● **YOUR OBJECTIVE**
Print only the lines from the top of the data through the line with "Taschenanhänger / Schlüsselanhänger", both included, skipping every picture.

⟨

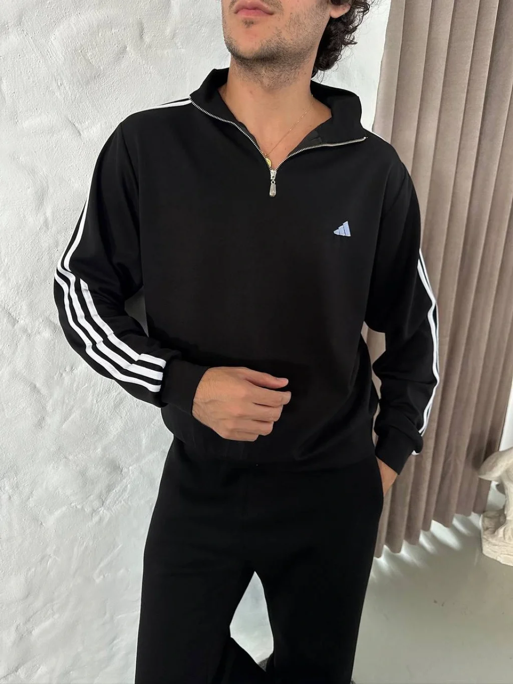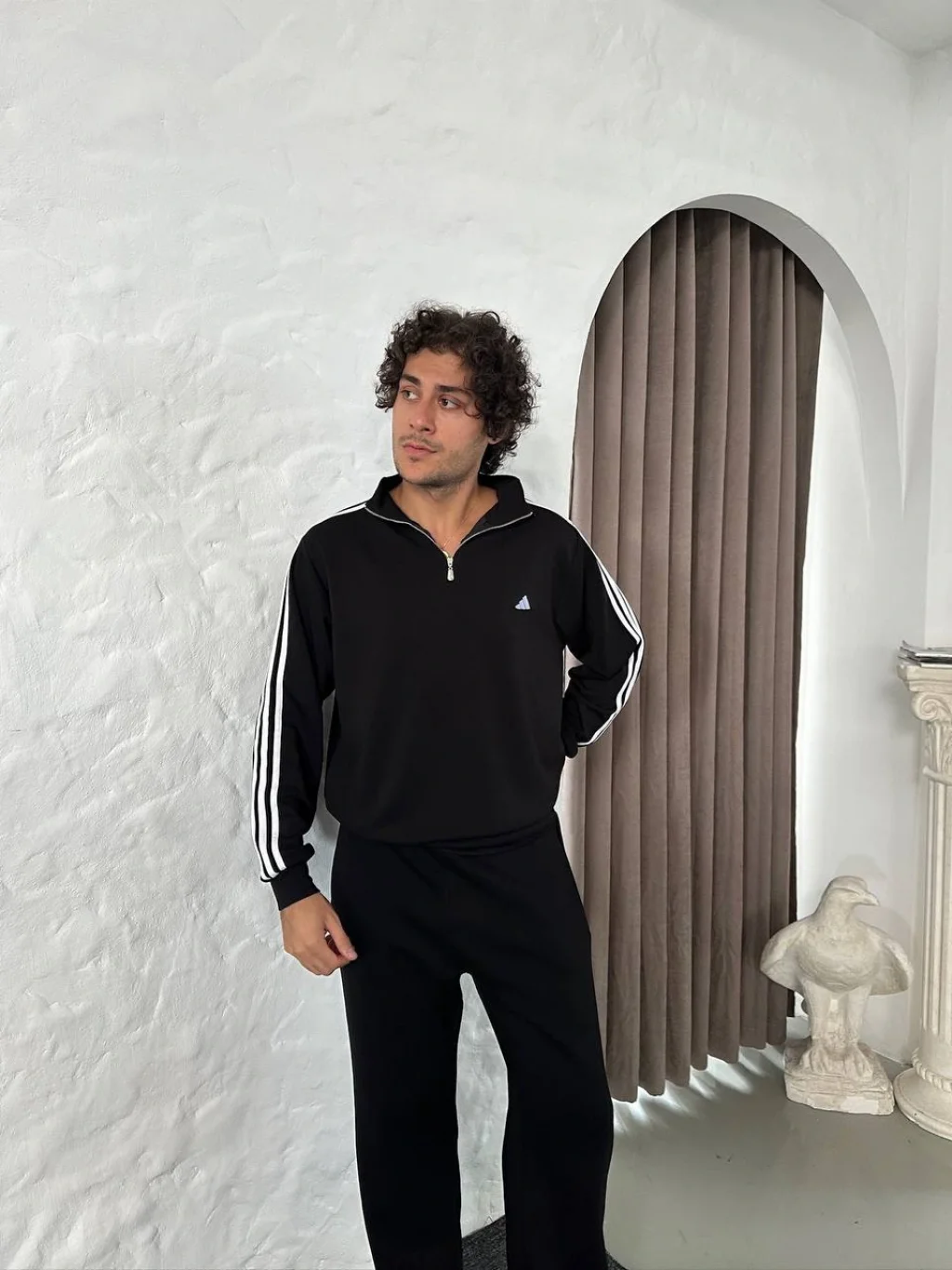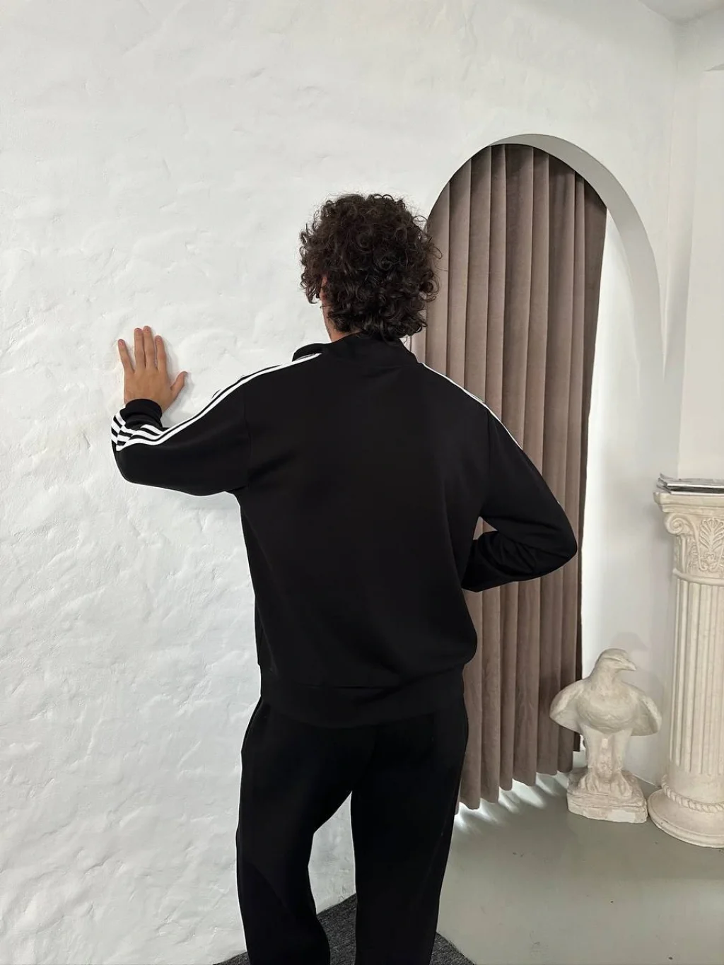 Siyah ADD Üç Şerit Fermuar Yaka Unisex Oversize Sweat
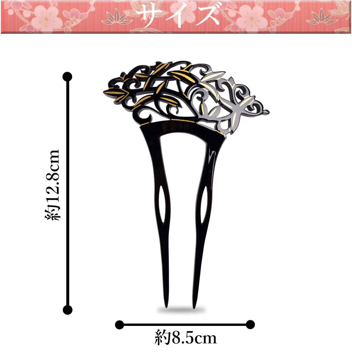 ● 古典柄の上品なデザインで、どんな色の着物でもパッと映えます。また、一本かんざしと合わせてお使いいただくと印象が違って見えますので、どうぞお試しください。
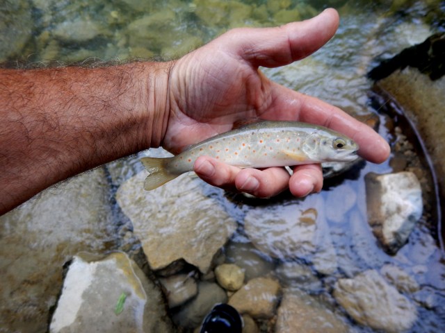 hier matin 10h30 direction les hauteurs pour fuir les fortes chaleurs nocturnes et diurnes !! Il ne fais pas moins chaud la haut, mais ce n’est pas grave, puisque je vais enfin pêcher un peu .. Je me dirige sur le no kill du pont du curè , 1 kms de rivière et une seule touche, mais quelle touche.. Une belle zébrée environ 45 cm, elle tenait toute la largeur de l’épuisette, elle a pris ma nymphe en plein courant, le combat ne fût pas très long. Je suis aux anges, la truite est belle et repose tranquille dans mon épuisette, voire trop à mon goût, puisque le temps de fouiller mes poches, la belle à jouée les filles de l’air 😦
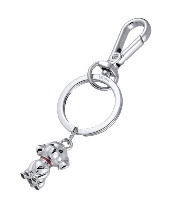 Taschenanhänger / Schlüsselanhänger mit Karabiner, kleiner Hund, Metallguss, verchromt, glänzend, silberfarben
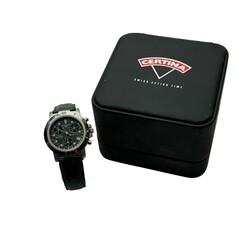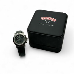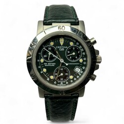 | Omschrijving | Een modern herenhorloge, Certina DS, referentie 7021 542 / 7121 42. Quartz uurwerk, stalen kast, op originele groen lederen band. Met Certina doosje en papierwerk. |
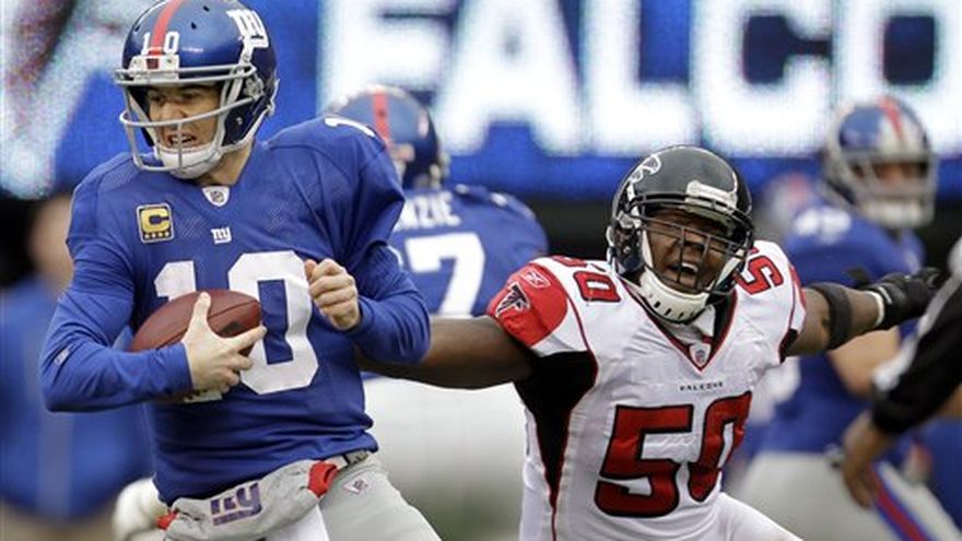 Aun con los pies, Eli Manning es peligroso. Manning acentuó su mejor temporada como profesional el domingo al lanzar tres pases para touchdown y realizar una carrera de 14 yardas que despertó a la ofensiva de Nueva York. Así, el quarterback detonó la demolición de los Falcons de Atlanta por 24-2 en el juego de comodines de la Conferencia Nacional, la primera victoria de postemporada de los Giants desde que superaron sorpresivamente en el Super Bowl a los invictos Patriots de Nueva Inglaterra hace cuatro años. El siguiente enfrentamiento es un gran reto para los Giants (10-7): los campeones defensores Packers en Green Bay el próximo domingo. Nueva York perdió por 38-35 ante Green Bay en diciembre. "Sabemos que son un buen equipo", dijo Manning. "Jugamos contra ellos con fuerza aquí, hicimos algunas cosas bien, anotamos puntos. Sabemos que ofensivamente vamos a tener que jugar con dureza, anotar puntos". Los Giants, el equipo que no sabía correr con el balón, llegarán con buen paso a Green Bay, llevando consigo una defensiva a la que los Packers (15-1) podrían temer. "La defensa jugó excelente, nos mantuvo adelante", dijo Manning. También tienen una ofensiva encabezada por Manning, quien conectó en el tercer cuarto un pase con Hakeem Nicks para anotación de 72 yardas que dejó fuera de la contienda a unos ineficaces Falcons (10-7). Manning completó además un pase de cuatro yardas para anotación con Nicks en el segundo período y uno de 27 yardas con Mario Manningham en el último cuarto para sellar el triunfo. Los Giants están jugando con mejor equilibrio a la ofensiva y más tacañería a la defensiva que los que mostraron durante la mayor parte de la temporada regular. Su viaje anterior en postemporada al Lambeau Field fue una victoria por 23-20 en tiempo extra, dos semanas antes de derrotar a los Patriots. Las claves del primer juego de postemporada en el estadio MetLife fueron la defensa de Nueva York, que nunca permitió a Atlanta meterse en el partido, y el juego por tierra —el peor de la liga— que logró su mejor total de la temporada con 172 yardas. De ésas, 92 fueron conseguidas por Brandon Jacobs y 63 por Ahmad Bradshaw. Los Giants promediaron 5,5 yardas por carrera, dos yardas más que en la campaña regular. Pero fue la escapada y carrera de 14 yardas de Manning en tercera oportunidad en el segundo período la que prendió la chispa ofensiva de los Giants. Jacobs logró pronto una carrera de 34 yardas y Manning se conectó con Nicks para poner adelante al equipo por 7-2. "No creo que nadie haya planeado que yo corra con el balón", dijo el quarterback. "Pero obviamente hubo un par de situaciones en que tienes que hacerlo, no me asusta". Los Giants nunca tuvieron que preocuparse, ya que los Falcons se dejaron llevar a su tercera derrota consecutiva en postemporada con el entrenador Mike Smith y el quarterback Matt Ryan.
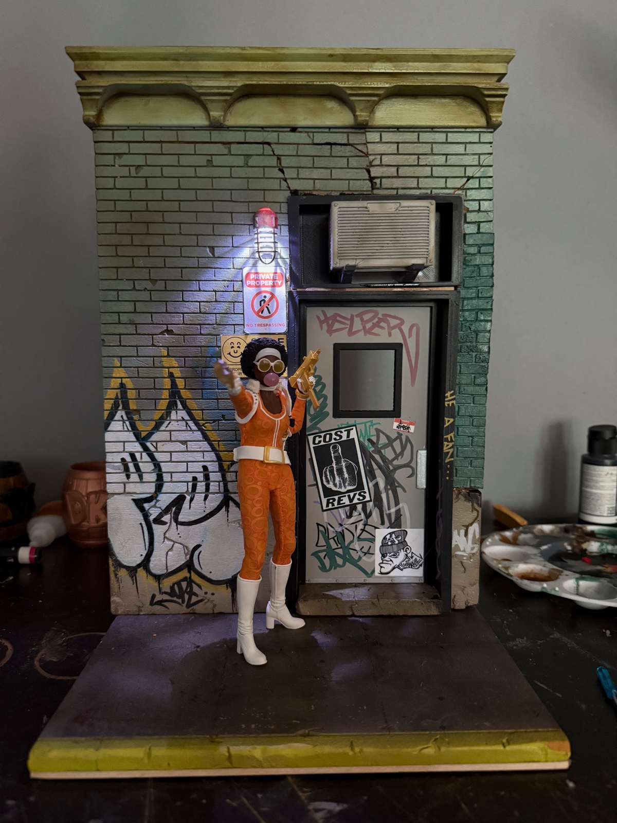 This detailed display features a graffiti-covered brick wall, weathered door, realistic AC unit, and working LED light that casts a cinematic glow. Every crack, sticker, and paint mark tells a story straight out of the city streets.
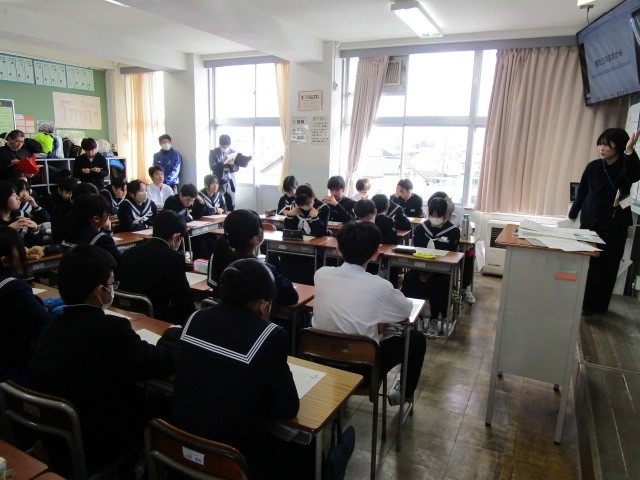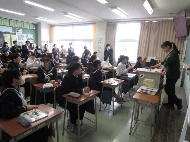 5限に道徳の公開授業を行い、各学年の教員が参観しました。生徒たちも熱心に授業に取り組んでいました。
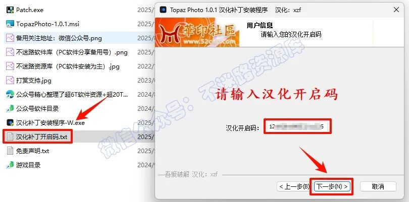 18.返回安装包,输入安装包里面的汉化补丁开启密码,点击“下一步”
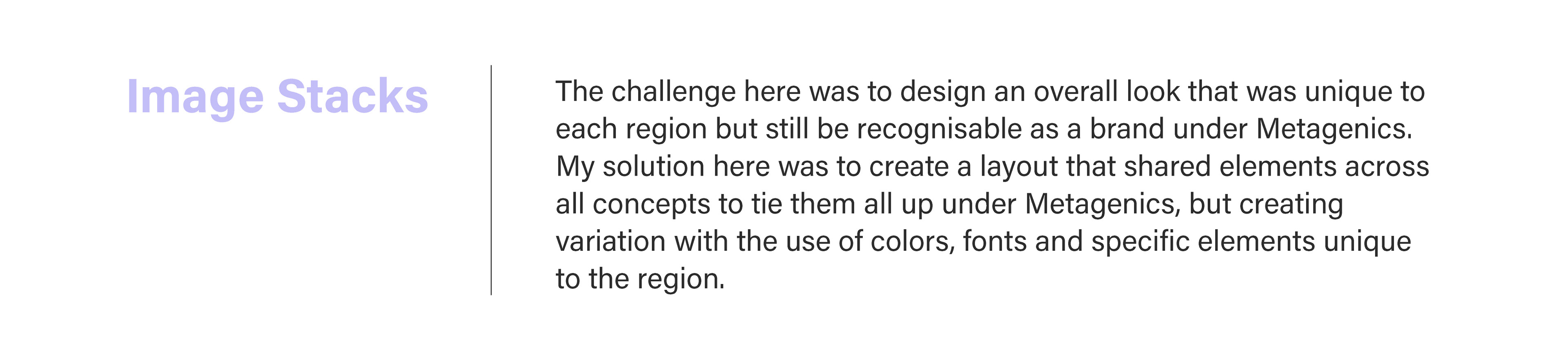 Metagenics is a supplemental brand that carries a various number of products specific to certain countries and conditions. One challenge that they faced was setting an overall brand identity that was coherent but still managed to tell apart products from the US, Italy, the UK and France.
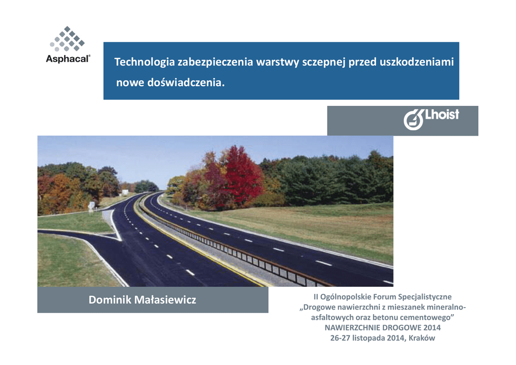 Asphacal® Technologia zabezpieczenia warstwy sczepnej przed uszkodzeniami nowe doświadczenia. Améliorer la durabilité des structures bitumineuses Votre email ici Dominik Małasiewicz Votre LOGO ICI II Ogólnopolskie Forum Specjalistyczne „Drogowe nawierzchni z mieszanek mineralnoasfaltowych oraz betonu cementowego” NAWIERZCHNIE DROGOWE 2014 26-27 listopada 2014, Kraków Asphacal®TC - zabezpieczenie warstwy sczepnej Definicja – w prezentacji Warstwa sczepna warstwa powstała wskutek rozpadu emulsji asfaltowej (odparowaniu wody i wytrąceniu asfaltu) rozłożonej na warstwie mineralo-asfaltowej lub warstwie tłuczniowej celem poprawy sczepności w/w warstw. Potocznie nazywana: Nawierzchnie Drogowe Kraków, 2014 - skropieniem międzywarstwowym - skropieniem z emulsji asfaltowej - złączeniem miedzywarstwowym - połączeniem międzywarstwowym 2 Asphacal®TC - zabezpieczenie warstwy sczepnej Łączenie warstw http://orj.cc sspoiwo/klej www.hincol.com emulsja asfaltowa Nawierzchnie Drogowe Kraków, 2014 3 Asphacal®TC - zabezpieczenie warstwy sczepnej Dobre połączenie Nawierzchnie Drogowe Kraków, 2014 vs. Brak połączenia 4 Asphacal®TC - zabezpieczenie warstwy sczepnej Na początku jest pięknie… Nawierzchnie Drogowe Kraków, 2014 www.pavementinteractive.org 5 Asphacal®TC - zabezpieczenie warstwy sczepnej Wprowadzamy sprzęt i . . . Nawierzchnie Drogowe Kraków, 2014 6 Asphacal®TC - zabezpieczenie warstwy sczepnej PROBLEM Przywieranie asfaltu wytrąconego z emulsji asfaltowej do kół i gąsienic pojazdów budowy. Nawierzchnie Drogowe Kraków, 2014 Emulsja asfaltowa roznoszona jjestt po sąsiadującym z budową terenie. 7 Asphacal®TC - zabezpieczenie warstwy sczepnej Taki piękny bałagan Częsty problem na budowie. Nawierzchnie Drogowe Kraków, 2014 8 Zanieczyszczony teren poza budową Nawierzchnie Drogowe Kraków, 2014 http://limanow http://limanowa.in wa in Asphacal®TC - zabezpieczenie warstwy sczepnej 9 Asphacal®TC - zabezpieczenie warstwy sczepnej TC ● preparat na bazie wodnego roztworu Ca(OH)2 ● wysokie stężenie wodorotlenku wapnia - 45% ● specjalne dodatki osłabiają proces sedymentacji oraz agregacji cząstek wapna Nawierzchnie Drogowe Kraków, 2014 10 Asphacal®TC - zabezpieczenie warstwy sczepnej Koncentrat preparatu dostarczany jest w: http://cysterna.waw.pl/ Nawierzchnie Drogowe Kraków, 2014 kontenerach IBC o poj. 1 m3 cysternach ok. 24 tony 11 Asphacal®TC - zabezpieczenie warstwy sczepnej Na miejscu budowy przed użyciem koncentrat jest rozcieńczany n-krotnie wodą i natryskiwany na warstwę sczepną w ilości 250g/m2. (10-35 g/m2 wapna hydratyzowanego owanego na zabezpieczonej powierzchni) – wg zalecanych dawek. Zalecane rozcieńczenia: 1 : 9 - Asphacal TC : woda 2 : 8 - Asphacal TC : woda 3 : 7 - Asphacal TC : woda Nawierzchnie Drogowe Kraków, 2014 12 Asphacal®TC - zabezpieczenie warstwy sczepnej Aplikacja – stosowany sprzęt Nawierzchnie Drogowe Kraków, 2014 1 13 Asphacal®TC - zabezpieczenie warstwy sczepnej Rozpoczęcie prac – na zabezpieczonej nawierzchni 10-60 min Pojazdy mogą poruszać się po zabezpieczonej nawierzchni po około 10 – 60 min od momentu naniesienia preparatu. Nawierzchnie Drogowe Kraków, 2014 Czas zależny jest od temperatury otoczenia i szybkości odparowania wody. 14 Asphacal®TC - zabezpieczenie warstwy sczepnej Doświadczenia światowe Nawierzchnie Drogowe Kraków, 2014 15 Asphacal®TC - zabezpieczenie warstwy sczepnej Na terenie Francji zabezpieczono ponad 15 milionów m2 nawierzchni w ten sposób ! SANEF Société des autoroutes du Nord et de l'Est de la France Towarzystwo autostrad Wschodu i Północy Francji) - jedno z francuskich przedsiębiorstw zarządzających autostradami. Stosowanie technologii jest zalecane przez SANEF Nawierzchnie Drogowe Kraków, 2014 zapisy w specyfikacji technicznej CCTP (fr. Cahier des clauses techniques particulières) 16 Asphacal®TC - zabezpieczenie warstwy sczepnej SAPN Société des autoroutes Paris-Normandie ormandie - filia SANEF-u. APRR Autoroutes Paris Rhin Rhone. ASF Autoroutes du Sud de la France. Prace prowadzone na terenie Francji przy budowie autostrad. 17 Asphacal®TC - zabezpieczenie warstwy sczepnej Badania laboratoryjne Politechnika Świętokrzyska Nawierzchnie Drogowe Kraków, 2014 18 Asphacal®TC - zabezpieczenie warstwy sczepnej Program badawczy: Do wykonania próbek laboratoryjnych wykorzystano dwa rodzaje mieszanek mineralno-asfaltowych: 9 warstwa ścieralna – mieszanka SMA 8 9 warstwa wiążąca – beton asfaltowy o wysokim module sztywności WMS 16W Obie mieszanki spełniały wymagania dla nawierzchni obciążonej ruchem KR 5-6 zgodnie z WT 2 – 2010. Nawierzchnie Drogowe Kraków, 2014 19 Asphacal®TC - zabezpieczenie warstwy sczepnej Wyniki badań laboratoryjnych Średnia siła ścinająca w połączeniu międzywarstwowym Nawierzchnie Drogowe Kraków, 2014 Średnie naprężenie ścinające w połączeniu międzywarstwowym 20 Asphacal®TC - zabezpieczenie warstwy sczepnej Doświadczenia krajowe przypomnienie Nawierzchnie Drogowe Kraków, 2014 21 Asphacal®TC - zabezpieczenie warstwy sczepnej Skanska – droga dojazdowa do WMB 9 Około 700 m2 zabezpieczonej nawierzchni 9 Warstwa podbudowy mineralnej 9 3 proporcje rozcieńczania preparatu Nawierzchnie Drogowe Kraków, 2014 22 2 Asphacal®TC - zabezpieczenie warstwy sczepnej Rozcieńczenie 1:9 (Asphacal TC : woda) Rozcieńczenie 2:8 (Asphacal TC : woda) Rozcieńczenie 3:7 (Asphacal TC : woda) Nawierzchnie Drogowe Kraków, 2014 23 Asphacal®TC - zabezpieczenie warstwy sczepnej EFEKT Brak odrywania emulsji asfaltowej z nawierzchni. Nawierzchnie Drogowe Kraków, 2014 24 Asphacal®TC - zabezpieczenie warstwy sczepnej Wyniki badań z odcinka testowego 94 94 Uwagi do rodzaju skropienia: (2) – ilość oraz rodzaj emulsji (1) plus 250g/m2 Asphacal TC w stosunku 1:9 (preparat : woda) (3) – ilość oraz rodzaj emulsji (1) plus 250g/m2 Asphacal TC w stosunku 2:8 (preparat : woda) (4) – ilość oraz rod

⟩

● **YOUR RESPONSE**
 Siyah ADD Üç Şerit Fermuar Yaka Unisex Oversize Sweat
 ● 古典柄の上品なデザインで、どんな色の着物でもパッと映えます。また、一本かんざしと合わせてお使いいただくと印象が違って見えますので、どうぞお試しください。
 hier matin 10h30 direction les hauteurs pour fuir les fortes chaleurs nocturnes et diurnes !! Il ne fais pas moins chaud la haut, mais ce n’est pas grave, puisque je vais enfin pêcher un peu .. Je me dirige sur le no kill du pont du curè , 1 kms de rivière et une seule touche, mais quelle touche.. Une belle zébrée environ 45 cm, elle tenait toute la largeur de l’épuisette, elle a pris ma nymphe en plein courant, le combat ne fût pas très long. Je suis aux anges, la truite est belle et repose tranquille dans mon épuisette, voire trop à mon goût, puisque le temps de fouiller mes poches, la belle à jouée les filles de l’air 😦
 Taschenanhänger / Schlüsselanhänger mit Karabiner, kleiner Hund, Metallguss, verchromt, glänzend, silberfarben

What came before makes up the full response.